> > This makes sense - offsets may be different when we omit objects from
> > the packfile. I think this can be computed by calculating the number of
> > zero bits between the current object's index and the nth object prior
> > (where n is the offset) in the bitmap resulting from
> > reuse_partial_packfile_from_bitmap() above, thus eliminating the need
> > for this array, but I haven't tested it.
>
> You need to know not just the number of zero bits, but the accumulated
> offset due to those missing objects. So you'd end up having to walk over
> the revindex for that set of objects. This array is basically caching
> those accumulated offsets (for the parts we _do_ include) so we don't
> have to compute them repeatedly.
Ah...yes. For some reason I thought that the offset was a number of
objects, but it is actually a number of bytes. The patch makes sense
now.
> There's also a more subtle issue with entry sizes; see below.
Good point.
> > > @@ -1002,6 +1132,10 @@ static int have_duplicate_entry(const struct
> > > object_id *oid,
> > > {
> > > struct object_entry *entry;
> > >
> > > + if (reuse_packfile_bitmap &&
> > > + bitmap_walk_contains(bitmap_git, reuse_packfile_bitmap, oid))
> > > + return 1;
> >
> > Hmm...why did we previously not need to check the reuse information, but
> > we do now? I gave the code a cursory glance but couldn't find the
> > answer.
>
> I think the original code may simply have been buggy and nobody noticed.
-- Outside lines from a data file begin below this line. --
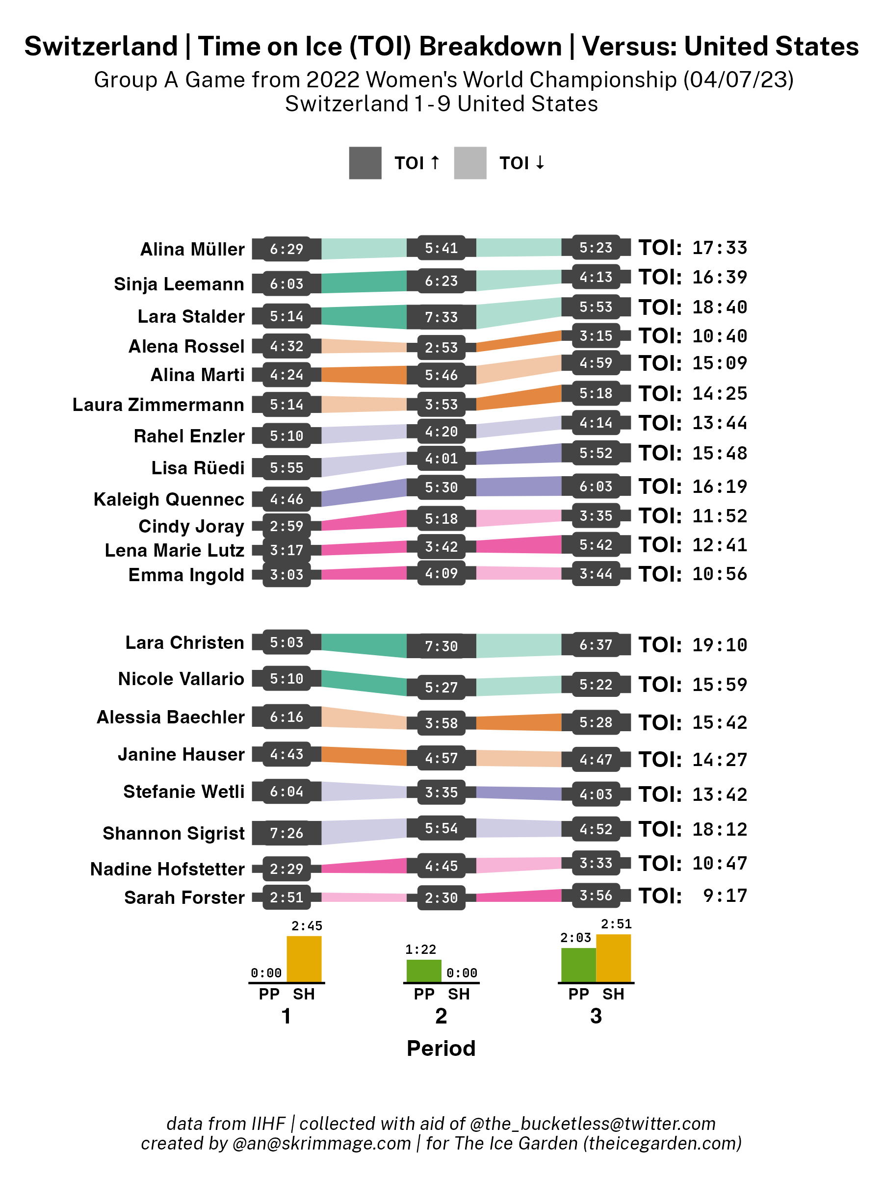 A shot attempt map for Switzerland versus the United States in the 2023 Women's Worlds on April 7th, 2023.A shot attempt heat map for Switzerland versus the United States in the 2023 Women's Worlds on April 7th, 2023.A shot attempt map for Switzerland versus the United States, showing only the goals, in the 2023 Women's Worlds on April 7th, 2023.A time on ice breakdown Sankey chart for Switzerland against the United States in the 2023 Women's Worlds on April 7th, 2023.A time on ice breakdown Sankey chart for the United States against Switzerland in the 2023 Women's Worlds on April 7th, 2023.
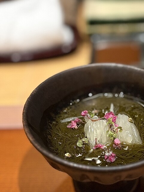 コースの途中で体をそっと落ち着けてくれるような、温かみと華やぎのあるお椀です。
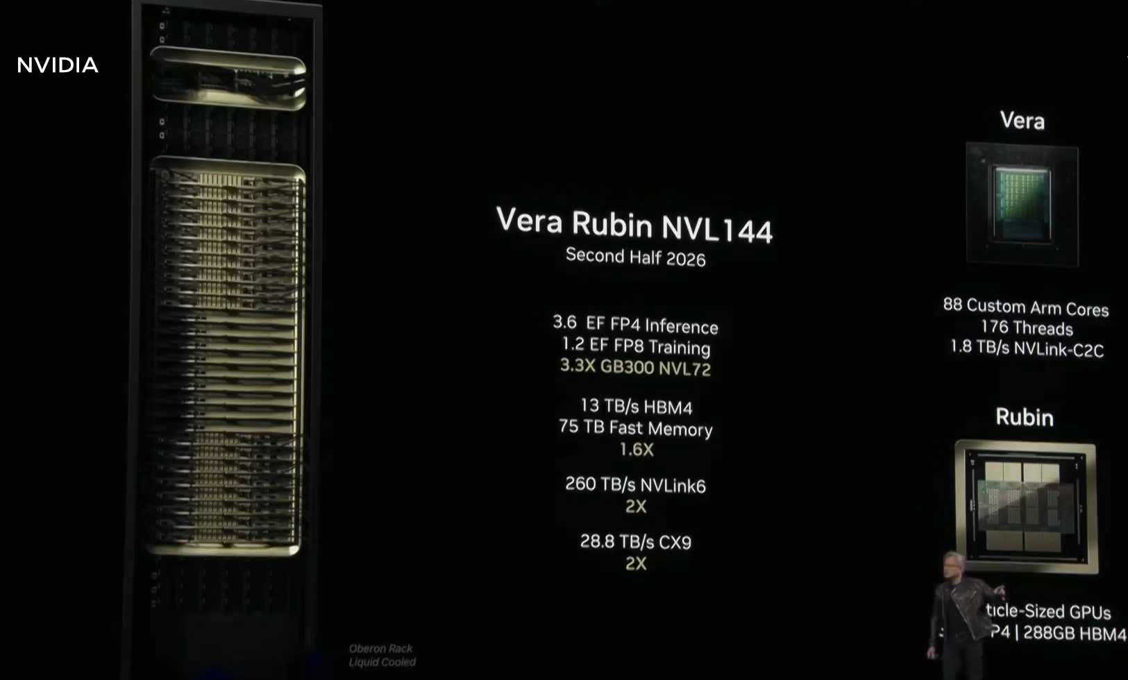 젠슨 황은 이번 발표에서 차세대 AI 칩 ‘루빈(Rubin)’ 시리즈를 공식적으로 공개했다. 루빈 시리즈는 현재 시장에서 최고 성능을 자랑하는 블랙웰(Blackwell) 시리즈를 뛰어넘는 성능을 갖춘 엔비디아의 최신 AI 칩이다.
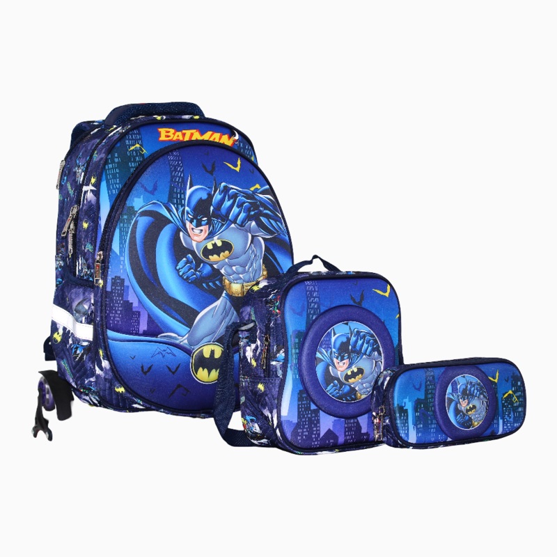 Batman Trolley Set All-In-One School Gear (Trolley Bag + Lunch Bag + Pencil Case).Get ahead this season with a ready-to-roll trolley bag thats both smart and stylish.Rolling wheels for effortless carryingSpacious compartments and coordinated accessoriesBui
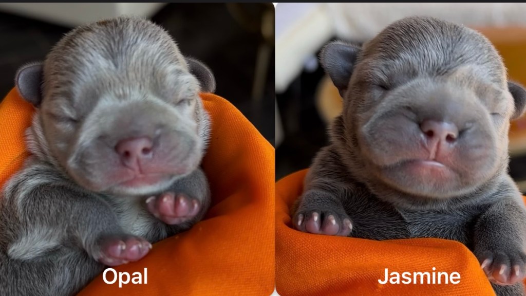 Cookie and Dozer’s fourth and final litter was born on July 27, 2024. It’s another beautiful litter of blue Frenchie puppies. Two beautiful baby girls.

> Here's what I wrote when this line was added in our fork:
[snip explanation]
Thanks - I'll also take a look if I have time.
> Thanks for looking at it. I still have to take a careful pass over the
> whole split, but I've tried to at least answer your questions in the
> meantime.
Thanks for your responses. Also thanks to Christian for splitting it in
the first place, making it easier to review.